One Worldwide Plaza (right) and Two Worldwide Plaza (left), designed by David M. Childs and completed in 1989. (Photo: Jim.henderson/Wikimedia Commons)

As partner at the New York office of SOM from his arrival there in 1984 until his retirement, Childs was responsible for the design of numerous buildings, but his work this century centers on a trio of projects in Manhattan: one at Columbus Circle and two at the World Trade Center. 

What would become Time Warner Center, and is now known as Deutsche Bank Center, began as a replacement for the Coliseum, an architecturally bland convention center on the western edge of Columbus Circle slated for demolition after the construction of the larger Javits Center in 1986. Working for developer Mortimer B. Zuckerman, Childs's early schemes for the site were postmodern, depicting a cluster of masonry buildings ascending to two skyscrapers joined by a sky bridge. Following delays and changes in architects and developers, the complex Childs designed for Related Companies and that was ultimately built retained the pair of towers but sheathed their parallelogram shapes in mirrored glass and joined them via a curving mall at street level. Completed in 2003, Time Warner Center was notably the first major development built in New York City following the September 11 attacks.

Deutsche Bank Center, 2003 (Photo: Alex Liivet, cropped from the original at Wikimedia Commons)

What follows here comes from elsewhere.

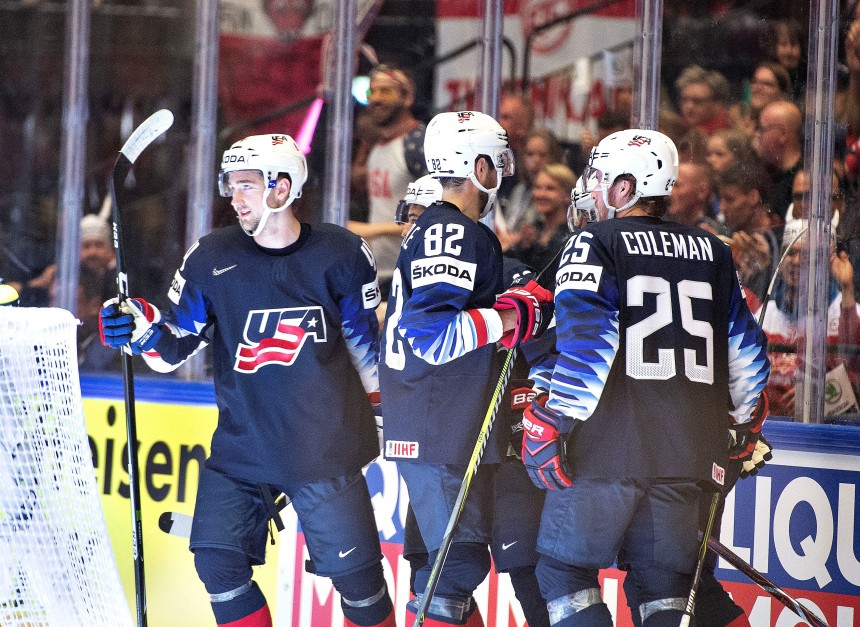 Pirmo uzvaru Dānijā notiekošajā pasaules čempionātā izcīnīja ASV izlase, kas pēcspēles metienu sērijā pārspēja Kanāda ar 5:4. Divus vārtus uzvarētāju laba guva Dilans Larkins.

Even before the events of 9/11, Larry Silverstein had hired Childs to renovate the Twin Towers at the World Trade Center, whose lease the developer had happened to acquire in July 2001. If Silverstein's immediate impulse were carried through, though, Childs would have been responsible for designing the all of the office space replacing the Twin Towers, but, as explained in Dunlap's obituary, “Mr. Childs declined the commission to design all the new towers, saying architectural diversity was vital to the site.” Still, he was ultimately responsible for two of the half-dozen numbered towers at the WTC site, beginning with 7 World Trade Center in 2006—which Dunlap calls “arguably Mr. Childs’s finest skyscraper”—and culminating with the 104-story One World Trade Center in 2014.

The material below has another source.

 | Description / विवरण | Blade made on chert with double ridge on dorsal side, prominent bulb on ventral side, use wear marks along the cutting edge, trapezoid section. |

At the time of the very public unfolding of the design One World Trade Center, and depending on what your sources for news were, Childs was portrayed as something of an antagonist to Daniel Libeskind, the unlikely winner of the WTC master plan competition. Libeskind was inspired by the Statue of Liberty in designing what he called Freedom Tower, the tallest of the replacement buildings, reaching a symbolically charged height of 1776 feet. Childs was the corporate architect with strong ties to developers, while Libeskind was the avant-garde architect whose built resume consisted of just one building at the time. The combination of Freedom Tower's asymmetrical design and Libeskind's lack of practical experience made Childs and SOM ideal for the commission, one that would retain its height but be renamed One World Trade Center. The tallest building at the World Trade Center, in all of New York City, and in the Western Hemisphere, Childs's One World Trade Center was also, like Worldwide Plaza, fittingly the subject of a documentary and a book-length monograph soon after it opened in 2014.